Before the main analysis, basic concepts are reviewed:
MTU (Maximum Transmission Unit) is the maximum size of a frame payload at the data‑link layer, excluding the frame header and FCS. The Ethernet MTU standard is 1500 bytes.
MSS (Maximum Segment Size) is the maximum TCP payload, usually announced in the SYN packet.

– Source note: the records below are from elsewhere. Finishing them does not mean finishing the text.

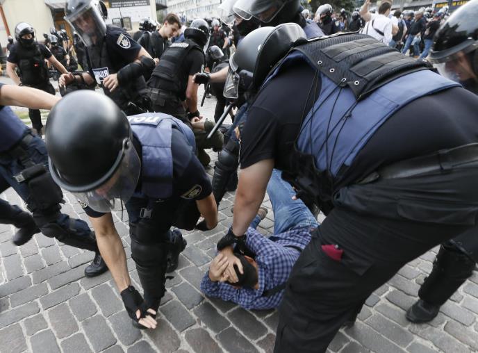 Rano jutros, više od 150 krajnje desničarskih demonstranata pokušalo je da blokira put kojim treba da prođu učesnici Parade u centru Kijeva, prenosi Rojters. Izbili su manji sukobi kada je policija u opremi za razbijanje nereda izašla da raščisti ulice.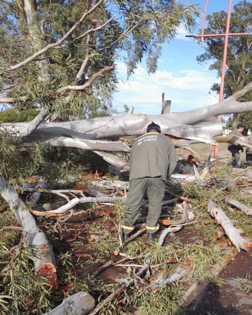 Las ráfagas de casi 100 km/h, que azotaron a la capital santiagueña, provocaron importantes daños en distintos puntos.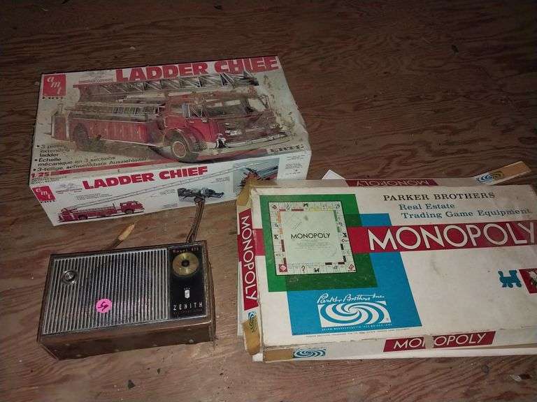 LOT 36 - AMT ERTL Ladder Chief model, Zenith all transistor and Monopoly game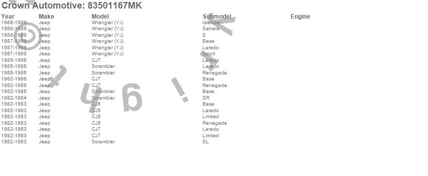 CJ5, CJ7, Scrambler, Wrangler (YJ), Jeep, 1989, 1988, 1987, 1986, 1985, 1984, 1983, 1982 more…

Middleboxes can modify MSS, a practice known as MSS clamping.
In practice, when transferring large amounts of data, TCP tends to send fully‑filled packets.
The frame length shown in Wireshark does not include the 4‑byte FCS.
Problem Investigation
The author provides several packet‑capture screenshots (omitted here) and points out the anomalies:
The last few packets from the client are repeatedly retransmitted, but the server never acknowledges them.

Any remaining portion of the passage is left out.